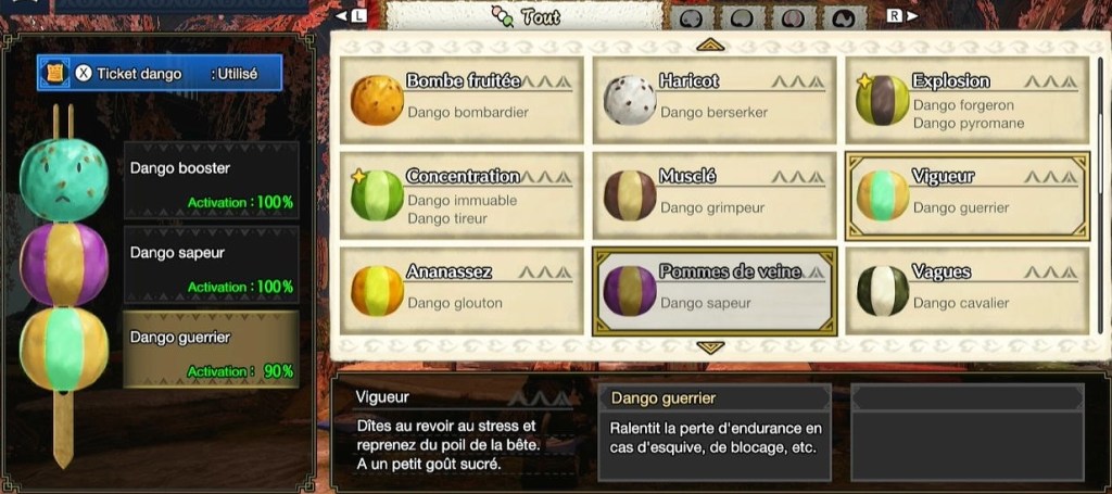 - Dango guerrier: Réduit votre consommation d’endurance de 20% lors des esquives, très pratique pour les armes gourmandes en endurance.
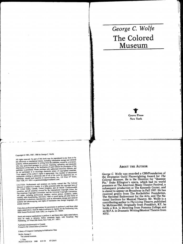 Wolfe that highlights the identify struggles of African Americans and the issues that define their lives in a contemporary world. Web Up to 3 cash back Download as PDF TXT or read online from Scribd Flag for inappropriate content of 2 THE COLORED MUSEUM by George C. Web AVE4FEKQXDBI eBook The Colored Museum The Colored Museum Filesize.
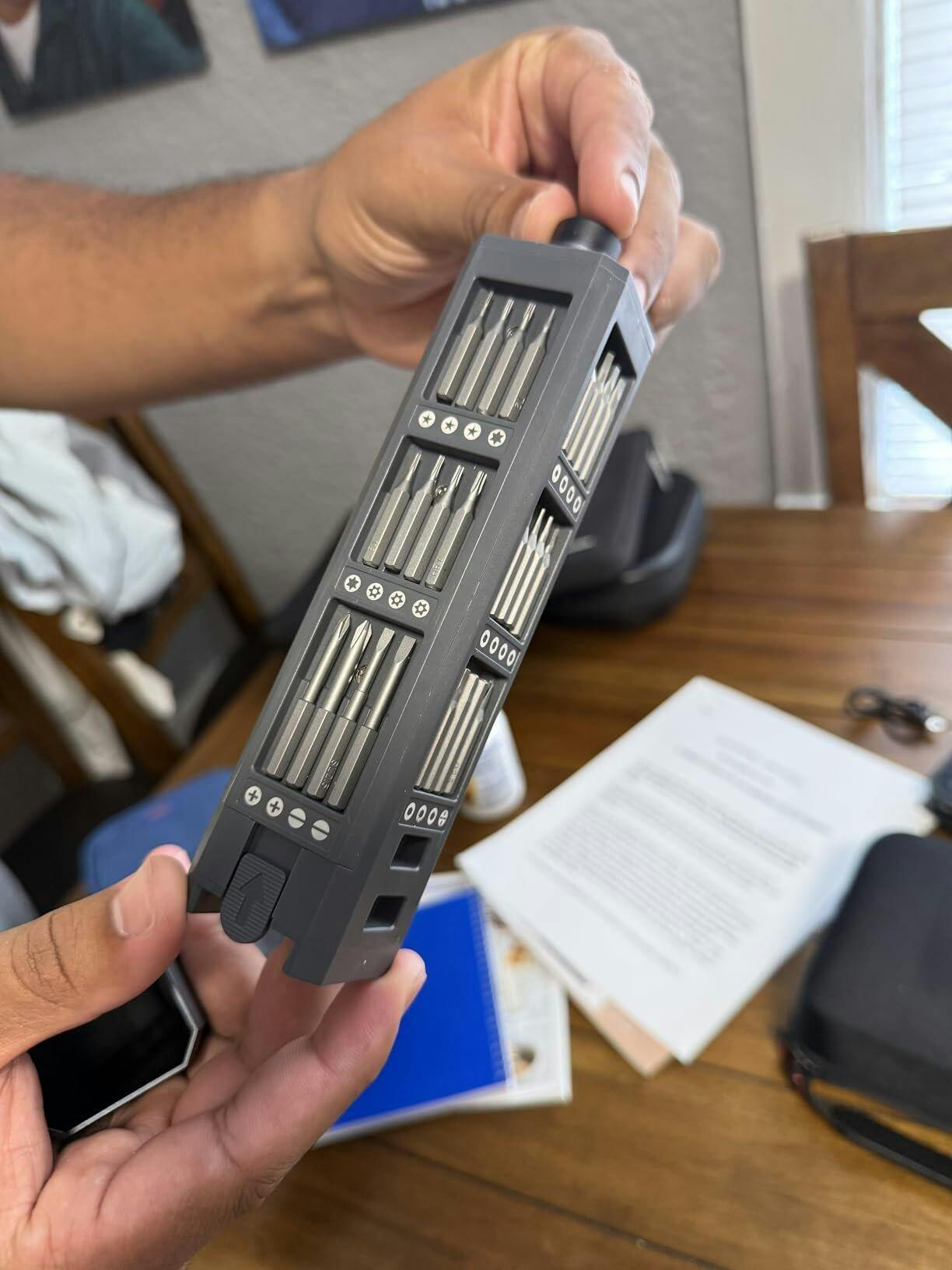 ビット交換は数秒。家具の組み立て、玩具の修理、家電の分解もこれ1本。工具箱をガチャガチャ漁る必要はもうなし。
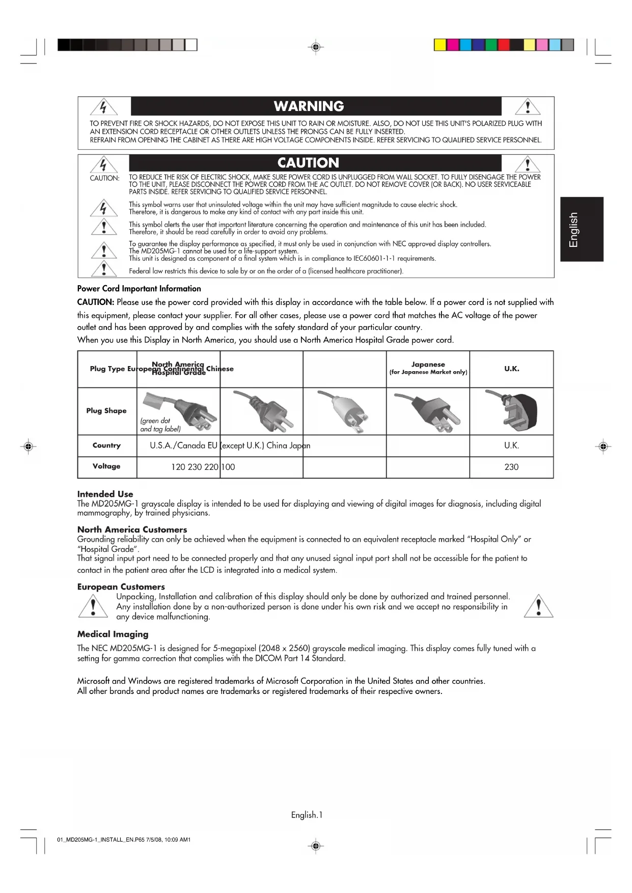 1200_MD205MG-1_INSTALLCOVER.P65 7/5/08, 10:09 AM8EnglishEnglish EnglishEnglish English DeutschDeutsch DeutschDeutsch Deutsch FrançaisFrançais FrançaisFrançais Français 01A_ChapterOpener 7/5/08, 10:09 AM101A_ChapterOpener 7/5/08, 10:09 AM2English.1 English Power Cord Important Information CAUTION: Please use the power cord provided with this display in accordance with the table below. If a power cord is not supplied with this equipment, please contact your supplier. For all other cases, please use a power cord that matches the AC voltage of the power outlet and has been approved by and complies with the safety standard of your particular country. When you use this Display in North America, you should use a North America Hospital Grade power cord. Intended Use The MD205MG-1 grayscale display is intended to be used for displaying and viewing of digital images for diagnosis, including digital mammography, by trained physicians. North America Customers Grounding reliability can only be achieved when the equipment is connected to an equivalent receptacle marked “Hospital Only” or “Hospital Grade”. That signal input port need to be connected properly and that any unused signal input port shall not be accessible for the patient to contact in the patient area after the LCD is integrated into a medical system. European Customers Unpacking, Installation and calibration of this display should only be done by authorized and trained personnel. Any installation done by a non-authorized person is done under his own risk and we accept no responsibility in any device malfunctioning. Medical Imaging The NEC MD205MG-1 is designed for 5-megapixel (2048 x 2560) grayscale medical imaging. This display comes fully tuned with a setting for gamma correction that complies with the DICOM Part 14 Standard. Microsoft and Windows are registered trademarks of Microsoft Corporation in the United States and other countries. All other brands and product names are trademarks or registered trademarks of their respective owners. WARNING TO PREVENT FIRE OR SHOCK HAZARDS, DO NOT EXPOSE THIS UNIT TO RAIN OR MOISTURE. ALSO, DO NOT USE THIS UNIT'S POLARIZED PLUG WITH AN EXTENSION CORD RECEPTACLE OR OTHER OUTLETS UNLESS THE PRONGS CAN BE FULLY INSERTED. REFRAIN FROM OPENING THE CABINET AS THERE ARE HIGH VOLTAGE COMPONENTS INSIDE. REFER SERVICING TO QUALIFIED SERVICE PERSONNEL. TO REDUCE THE RISK OF ELECTRIC SHOCK, MAKE SURE POWER CORD IS UNPLUGGED FROM WALL SOCKET. TO FULLY DISENGAGE THE POWER TO THE UNIT, PLEASE DISCONNECT THE POWER CORD FROM THE AC OUTLET. DO NOT REMOVE COVER (OR BACK). NO USER SERVICEABLE PARTS INSIDE. REFER SERVICING TO QUALIFIED SERVICE PERSONNEL. This symbol warns user that uninsulated voltage within the unit may have sufficient magnitude to cause electric shock. Therefore, it is dangerous to make any kind of contact with any part inside this unit. This symbol alerts the user that important literature concerning the operation and maintenance of this unit has been included. Therefore, it should be read carefully in order to avoid any problems. To guarantee the display performance as specified, it must only be used in conjunction with NEC approved display controllers. The MD205MG-1 cannot be used for a life-support system. This unit is designed as component of a final system which is in compliance to IEC60601-1-1 requirements. Federal law restricts this device to sale by or on the order of a (licensed healthcare practitioner). CAUTION CAUTION: Plug Type European Continental Chinese North America Hospital Grade Japanese (for Japanese Market only) Plug Shape Country Voltage
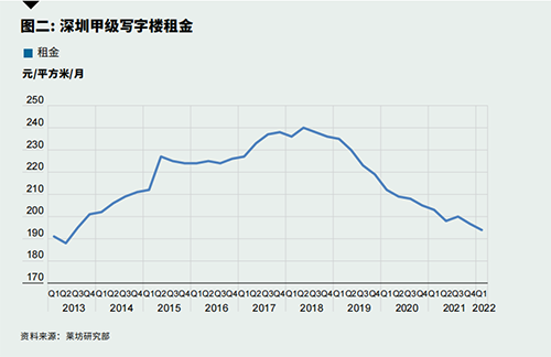 本季度,全市甲級(jí)寫字樓平均租金延續(xù)下行趨勢(shì),環(huán)比下降1.2%至每月每平方米人民幣194.3元,較去年同期下降1.9%。新增供應(yīng)的集中入市,令深圳甲級(jí)寫字樓市場(chǎng)平均租金自2018年后處于緩慢下行的通道。

====

PROMPT:
Beginning with the first line of the records and ending with the line that contains "ビット交換は数秒。家具の組み", reproduce every line exactly, omitting pictures and adding nothing.

ANSWER SECTION:
 - Dango guerrier: Réduit votre consommation d’endurance de 20% lors des esquives, très pratique pour les armes gourmandes en endurance.
 Wolfe that highlights the identify struggles of African Americans and the issues that define their lives in a contemporary world. Web Up to 3 cash back Download as PDF TXT or read online from Scribd Flag for inappropriate content of 2 THE COLORED MUSEUM by George C. Web AVE4FEKQXDBI eBook The Colored Museum The Colored Museum Filesize.
 ビット交換は数秒。家具の組み立て、玩具の修理、家電の分解もこれ1本。工具箱をガチャガチャ漁る必要はもうなし。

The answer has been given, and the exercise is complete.